Work instructions: Please print the entries below exactly, from the line with "Suomen ensi vuoden" through the line with "성능 우위를 가진다.", including both of those lines and leaving out all others.

START Records provided

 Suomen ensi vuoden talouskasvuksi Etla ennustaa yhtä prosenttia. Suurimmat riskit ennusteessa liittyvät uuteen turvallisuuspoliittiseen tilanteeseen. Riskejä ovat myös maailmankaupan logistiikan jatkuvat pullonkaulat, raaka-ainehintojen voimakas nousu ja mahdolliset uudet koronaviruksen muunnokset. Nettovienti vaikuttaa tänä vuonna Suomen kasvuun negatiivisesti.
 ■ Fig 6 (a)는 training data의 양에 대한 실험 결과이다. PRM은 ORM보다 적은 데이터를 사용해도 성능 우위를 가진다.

END Records provided
START Records provided

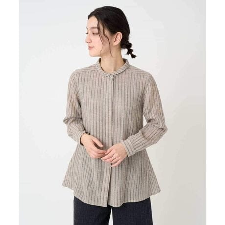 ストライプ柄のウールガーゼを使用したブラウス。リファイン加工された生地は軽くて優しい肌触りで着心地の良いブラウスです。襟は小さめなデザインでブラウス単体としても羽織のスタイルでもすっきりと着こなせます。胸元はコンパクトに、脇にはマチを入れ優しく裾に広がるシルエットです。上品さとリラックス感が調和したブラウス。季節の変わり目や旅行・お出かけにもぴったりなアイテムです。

END Records provided

Solved exercise:
 Suomen ensi vuoden talouskasvuksi Etla ennustaa yhtä prosenttia. Suurimmat riskit ennusteessa liittyvät uuteen turvallisuuspoliittiseen tilanteeseen. Riskejä ovat myös maailmankaupan logistiikan jatkuvat pullonkaulat, raaka-ainehintojen voimakas nousu ja mahdolliset uudet koronaviruksen muunnokset. Nettovienti vaikuttaa tänä vuonna Suomen kasvuun negatiivisesti.
 ■ Fig 6 (a)는 training data의 양에 대한 실험 결과이다. PRM은 ORM보다 적은 데이터를 사용해도 성능 우위를 가진다.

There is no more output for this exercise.